U.N. Security Council to hold emergency meeting on Ukraine crisis

Louis Charbonneau

By Louis Charbonneau

UNITED NATIONS (Reuters) - The U.N. Security Council will hold a closed-door emergency session on the escalating crisis in Ukraine on Friday at the request of the new Kiev government, which warned that the situation in Crimea threatened Ukraine's territorial integrity.

Armed men took control of two airports in Ukraine's autonomous Crimea region earlier on Friday in what the country's leadership described as an invasion and occupation by Russian forces.
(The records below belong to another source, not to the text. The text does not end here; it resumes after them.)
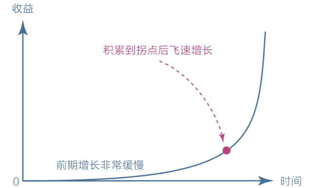 所长非常欣赏长期主义的企业,因为长期主义意味着有所为有所不为,一开始可能很慢没有什么收益,但只要到达一个临界点后就会飞速增长,这其实就是我们耳熟能详的复利效应。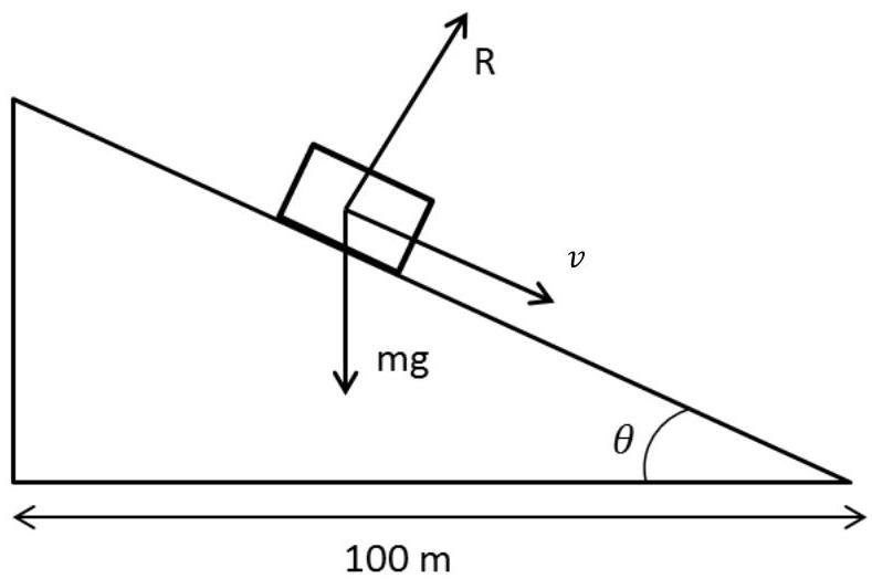 A racing car of mass moves around a banked track at a constant speed of 30ms. Assuming the total reaction at the wheels is normal to the track and the horizontal radius is . Calculate the angle of inclination of the track to the horizontal.
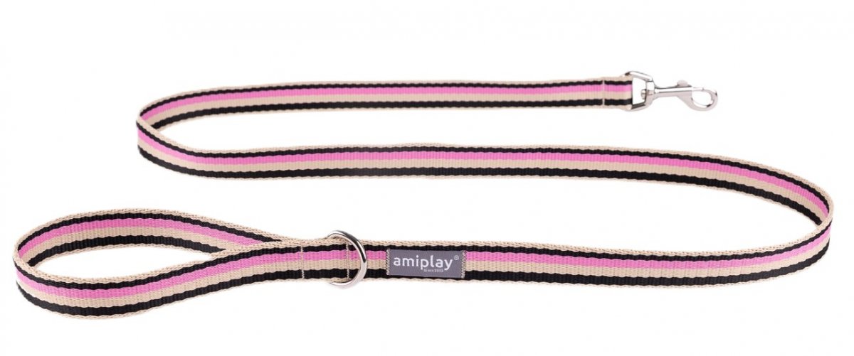 AmiPlay | Popular | Smycz dla psa miejska - paski czarno różowa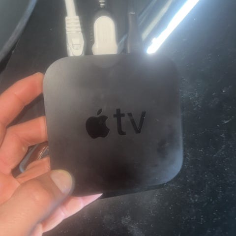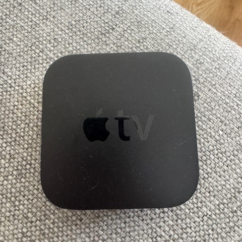 Apple TV mediespiller i svart. Enheten kobles til TV via HDMI og gir tilgang til strømming og avspilling av digitalt innhold, avhengig av modell og programvareversjon. Strømtilkobling og øvrige funksjoner følger standard Apple TV-oppsett for denne typen mediespiller. Eventuell fjernkontroll, kabler og annet tilbehør må avklares med selger.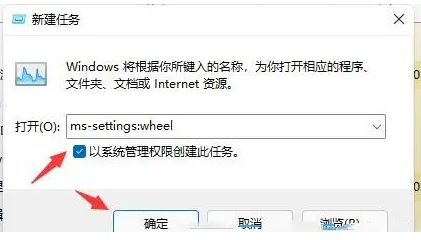 2.在彈出的窗口輸入:ms-settings:wheel,勾選“以系統管理權限創建此任務”,然后點擊“確定”。

Russia denied involvement in the airport seizures.

"Due to the deterioration of the situation in the Autonomous Republic of the Crimea, Ukraine, which threatens territorial integrity of Ukraine ... I have the honor to request an urgent meeting of the Security Council in accordance with Articles 34 and 35 of the U.N. Charter," Ukraine's U.N. Ambassador Yuriy Sergeyev wrote to Lithuanian Ambassador Raimonda Murmokaite.

Murmokaite is president of the Security Council for the month of February. Her mission confirmed on Twitter that the meeting would take place at 3:00 p.m. EST (2000 GMT) on Friday.
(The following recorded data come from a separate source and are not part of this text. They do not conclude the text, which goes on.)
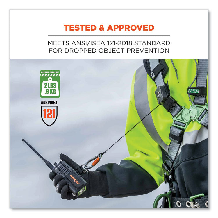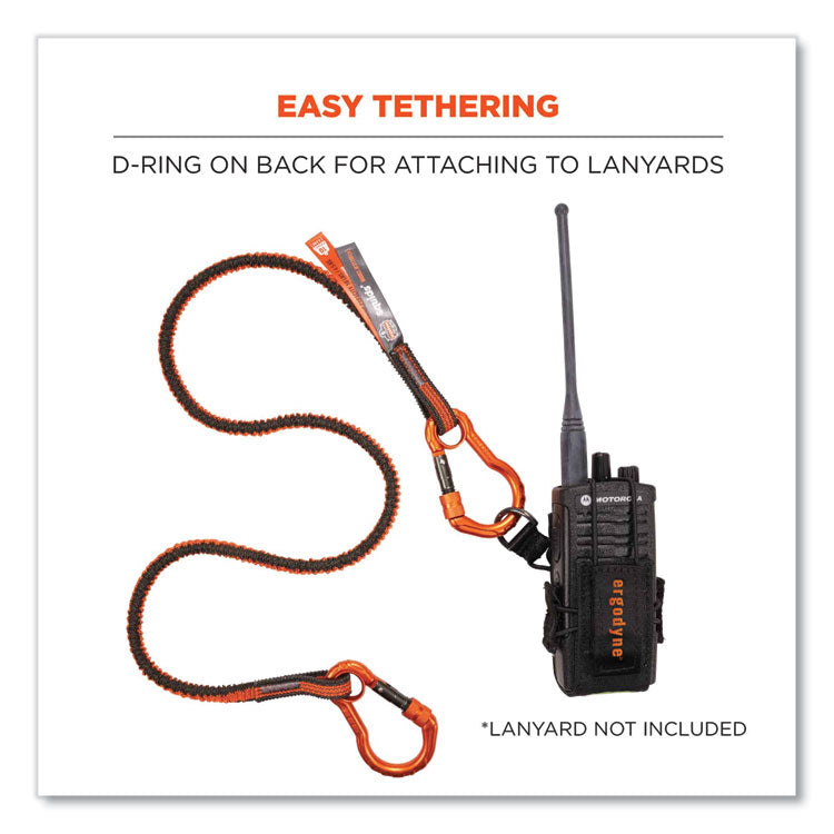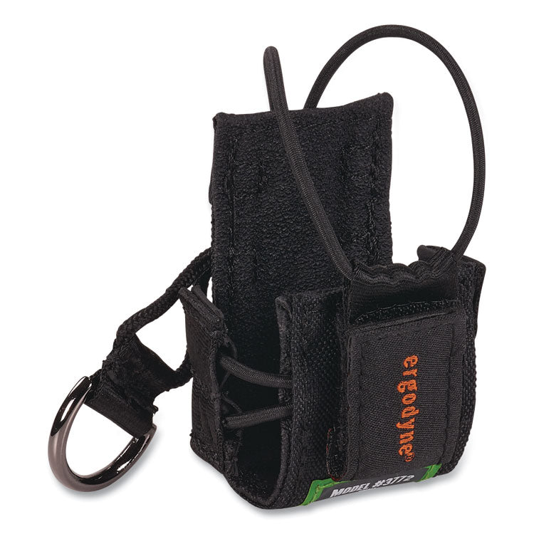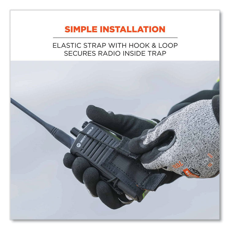 The Squids 3772 Radio Holster Trap is the safest way to keep cordless radios secure and accessible while working at heights. This easy-to-use holster acts as an all-in-one attachment point for tethering cordless radios to a tool lanyard, decreasing the drop and break risks of expensive communication devices. With rugged polyester construction and heavy-duty elastic hook and loop straps, this radio holster trap protects radios in even the harshest worksite conditions. It features a zinc-plated cast alloy D-Ring on the back for securely attaching to a tool lanyard. Large--Fits radios 1.5" w x 2" l x 5" h. Safe working capacity: 2 lb. HTO Type: Holster; Material(s): Polyester; Color(s): Black; Width: 1.5".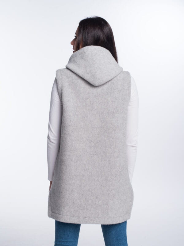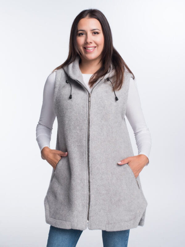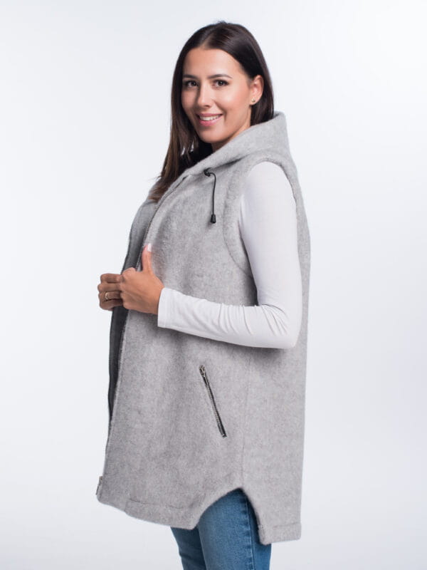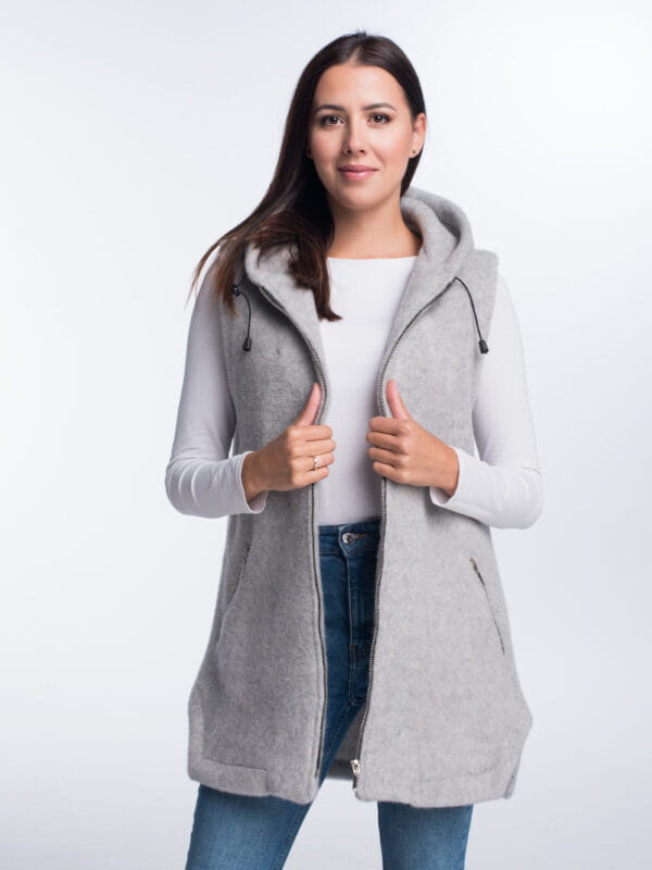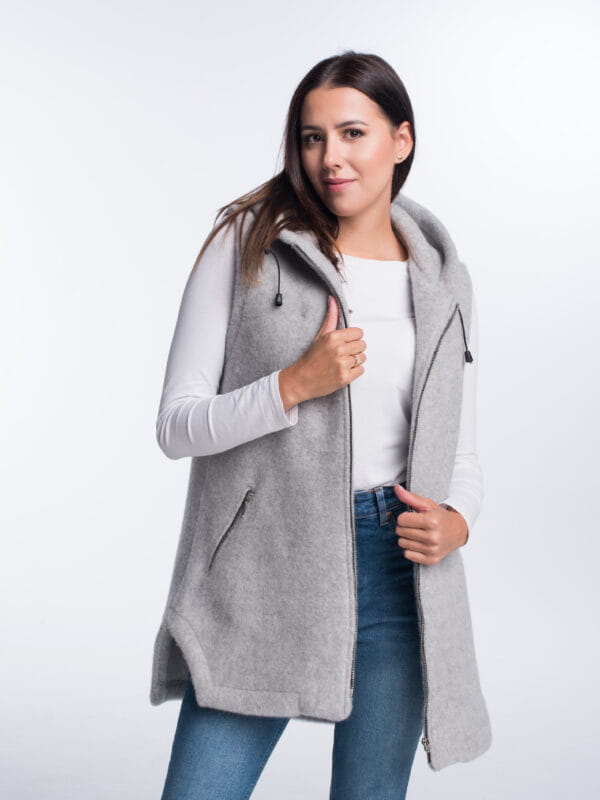 - Ta lekka kamizelka wełniana z kapturem to propozycja dla kobiet ceniących świadome wybory modowe – naturalne materiały, uniwersalny krój i oryginalny styl.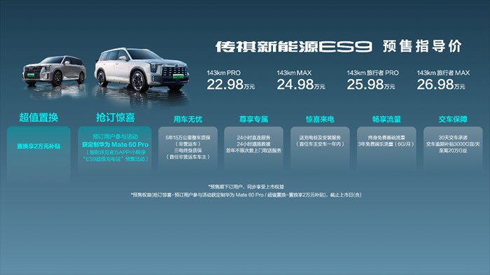 10月1日,传祺智电新能源E系列的第二款产品——传祺ES9正式开启全国预售。新车共推出4款配置,预售价格区间为22.98万元-26.98万元。预售期间,广汽传祺还推出7项预售权益,从置换、交车、用车、售后服务上为用户带来全方位考虑,不仅享2万元置换补贴,在传祺ES9上市前(含上市日),预订用户通过官方APP/小程序参与“ES9超级充电站”预售活动,还可在车辆交付的时候获得定制华为 Mate 60 Pro,以超出期待的福利给用户送上国庆大礼!
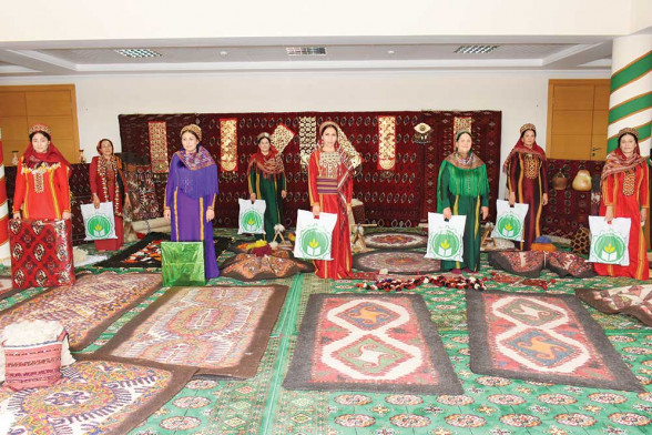 Bu ýerde işlerine ussat gelin-gyzlarymyz ýurdumyzyň welaýatlarynyň aýratynlyklaryna görä, gadymy milli “Ak tüýnük”, “Gyzyl tüýnük”, “Gözenek”, “Saýlan”, “Gülýaýdy”, “Sekiz goçak”, “Gapyrga”, “Içýanagyz”, “Tazy guýruk” ýaly nagyşlary salyp, keçelerimizi güllemekde bäsleşdiler.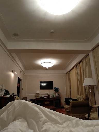 Read moreЗаселились на 3 ночи в люкс (примерно 30 000 рублей без завтрака), погуляли по городу и побывали в разных ресторанах, очень удобное расположение отеля. В номере множество осветительных приборов и 2 туалета, один из которых совмещён с ванной и душем… Гигантская кровать в номере, на которой могут уместиться 3-5 человек. Письменный стол, электрический чайник, чашки, стаканы и 2 бутылки воды 0.5, кофемашина с капсулами (за каждую нужно заплатить 70 рублей), телевизор и 3 больших зеркала, 1 в полный рост. Если днём закрыть все занавески то комнату поглощает мрак, в прямом смысле слова. 11 полотенец было на 2 человека: 2 для головы, 2 для тела, 3 для ног и 4 для лица и рук. 2 халата и 2 пары тапочек, туалетная бумага 3 рулона, 2 мини зубные пасты и 2 щетки средней жёсткости, 2 шапочки для ванны, шампунь и гель для душа, мыло для рук, фен висит на стене. Горячая вода во всех источниках начинает идти через 5-7 секунд холодной. Телевизор работает и мы нашли каналы на английском и испанском языках и вроде французском. Ночью было жарко, не могли разобраться как пользоваться кондиционером, открыли окна и один раз проснулись от стонов девушки на улице... Не знаю что там происходило... Утром сходили позавтракать в ресторан, мы не оплачивали сразу а оплатили просто на входе (750 рублей с человека) обычный шведский стол, не самые дешёвые продукты но и не середина, йогурт "нежный" проще купить в магазине… ребята быстро забирали пустые тарелки поэтому сервис понравился, также нашли арбуз и дыню (просто нигде не подают в кафе и ресторанах, а здесь вдруг счастье) мы сели в самый угол, нам никто не мешал кроме "немного" странной психоделической музыки. Людей в ресторане было немного к 10 часам, поэтому не могу точно сказать тесно там или нет в 8. У них нет трубочек, я пью сок только через трубочку так как не люблю когда сахар на зубах остаётся. Сходили погуляли купили цветы, с просьбы принести вазу в комнату девушка через 2-3 минуты (как и было сказано) принесла вазу, но очень длинные розы 21 штука еле влезли в нее. Мы купили шарик, надули и он упал на пол, далее шок... Я увидела на нём кучу волос причём чёрные женские и мужские. У меня русые и крашеные в яркий цвет (не скажу какой), а мой жених блондин (во всех местах). Выкинуть пришлось шарик, так как меня начало тошнить. Услугами химчистки не пользовались, но стоимость конечно низкая, кстати утюг и доска для глажки всегда стоит в коридоре. Вроде фитнес бесплатный а спа 5000 рублей за 2-3 часа (точно не помню) но мы не рискнули пробовать. Но в целом всё понравилось, правда людей маловато, было ощущение, что прошёл апокалипсис, к вечеру люди вылезали к креслам и диванам на 0 (1) этаже. Комната шикарная, условия проживания тоже,...

Article 34 of the U.N. charter talks about the power of the 15-nation council to investigate disputes or "international friction" to determine whether international peace and security is in jeopardy.
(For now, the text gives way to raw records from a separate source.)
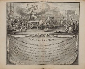 Il est composé de : un feuillet de titre dans un encadrement gravé ; un double feuillet de dédicace avec frontispice décoré d'une scène allégorique représentant le roi partant pour le sacre ; la carte de la route, par Villers-Cotterêts et Fismes, en 22 planches doubles légendées ; un double feuillet : tableau allégorique de l'Entrée du roi à Reims. Enfin, un grand plan dépliant de la ville de Reims.
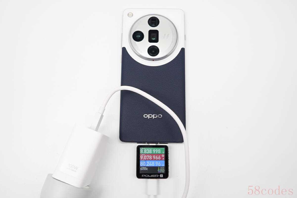 使用配套的100W充电器套装为OPPO Find X7 Ultra 手机充电,POWER-Z KM003C 测试仪实测当前手机输入端功率为8.84V 9.08A 80.25W。
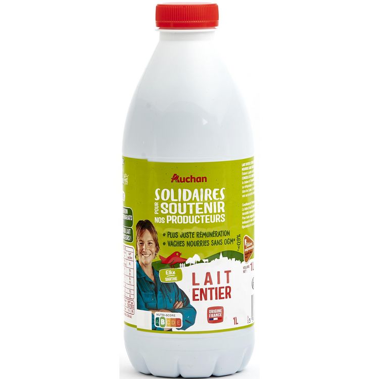 Un lait, collecté et conditionné en France, entier, en bouteille en plastique 1L, Filière Responsable Auchan, équitable et "Solidaires" pour soutenir les producteurs avec une rémunération plus juste des éleveurs laitiers, provenant de vaches nourries sans ogm (< 0,9%) et au pré 120 jours minimum par an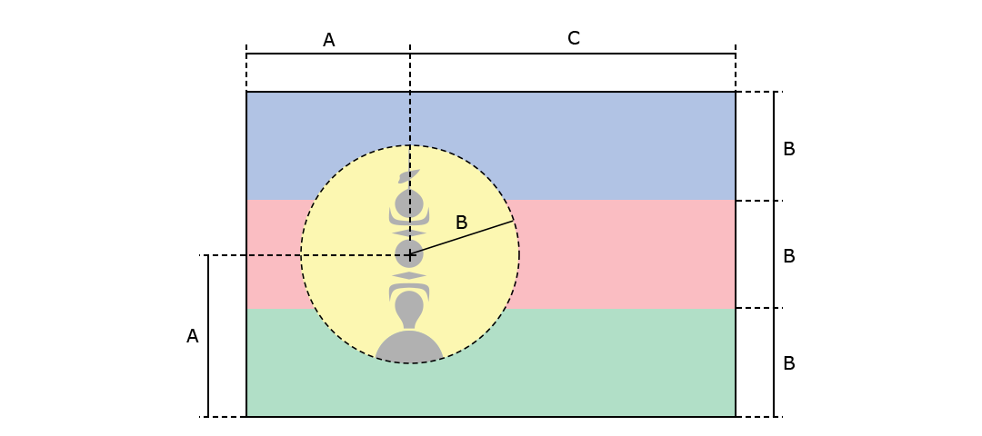 The local flag has three equal horizontal bands of blue (top), red, and green charged with a yellow disc at a position of one-third the width of the flag, measured from the hoist side. The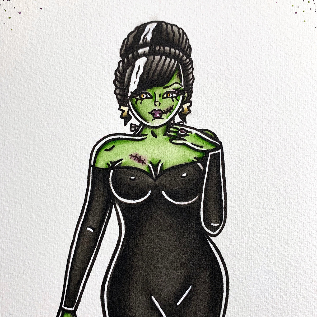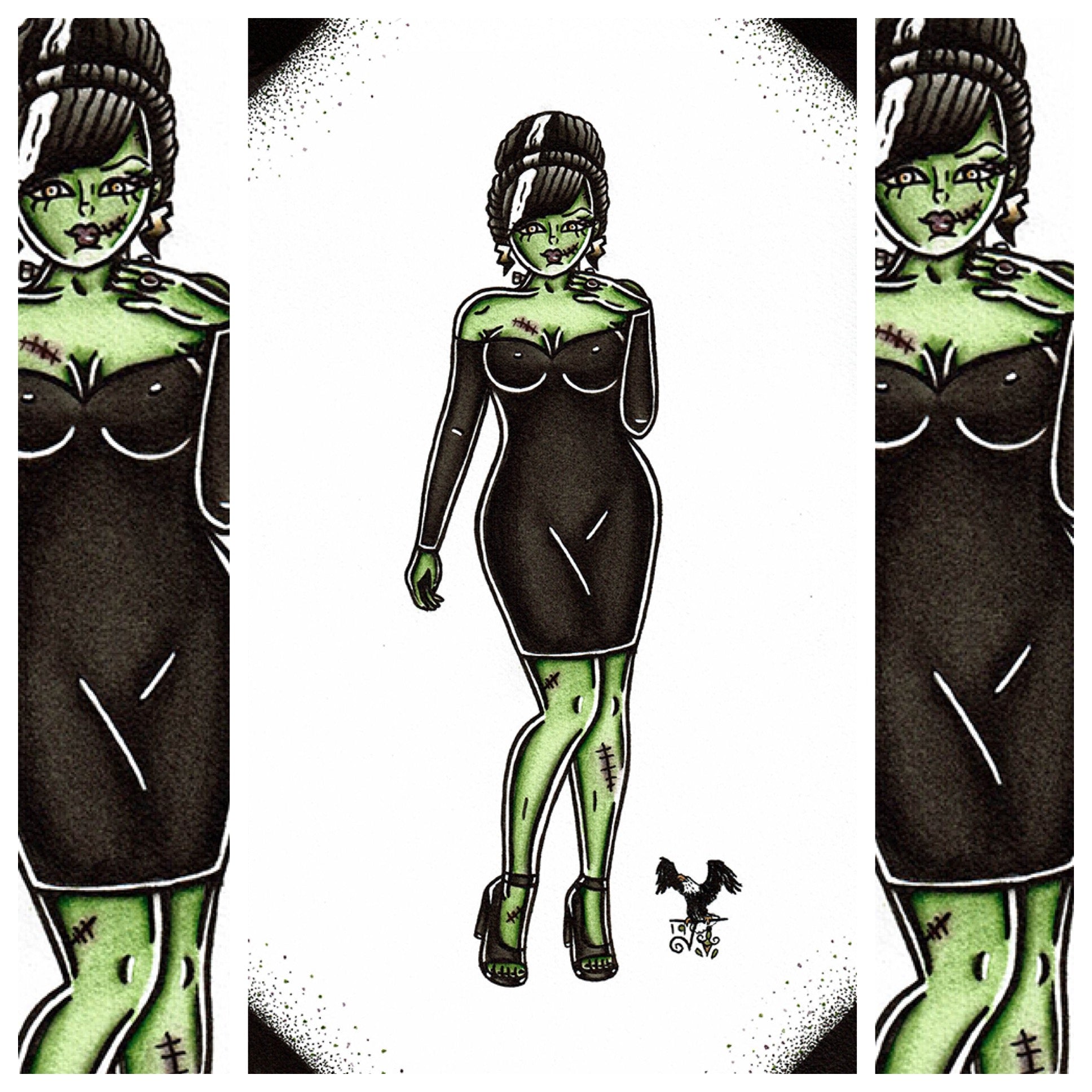 American Traditional tattoo flash Frankenstein Pinup watercolor painting.

It was not clear what the council could do at the meeting, which will take place behind closed doors. Russia is a veto-wielding permanent member of the Security Council and, therefore, able to block any proposed action by its members.

Diplomats said Russia, which has criticized Ukraine's new government and voiced support for ousted Ukrainian President Viktor Yanukovich, had attempted to delay the meeting.

A spokesman for Russia's U.N. mission declined to comment.

The Ukrainian letter to Lithuania, which was obtained by Reuters, came hours after Ukraine's parliament said it would appeal to the council to call a session to consider the problems in Ukraine in the light of a 1993 understanding in which the big powers agreed to guarantee Ukrainian territorial integrity.

In its letter, Ukraine, which is not a member of the council, requested the right to participate in the meeting.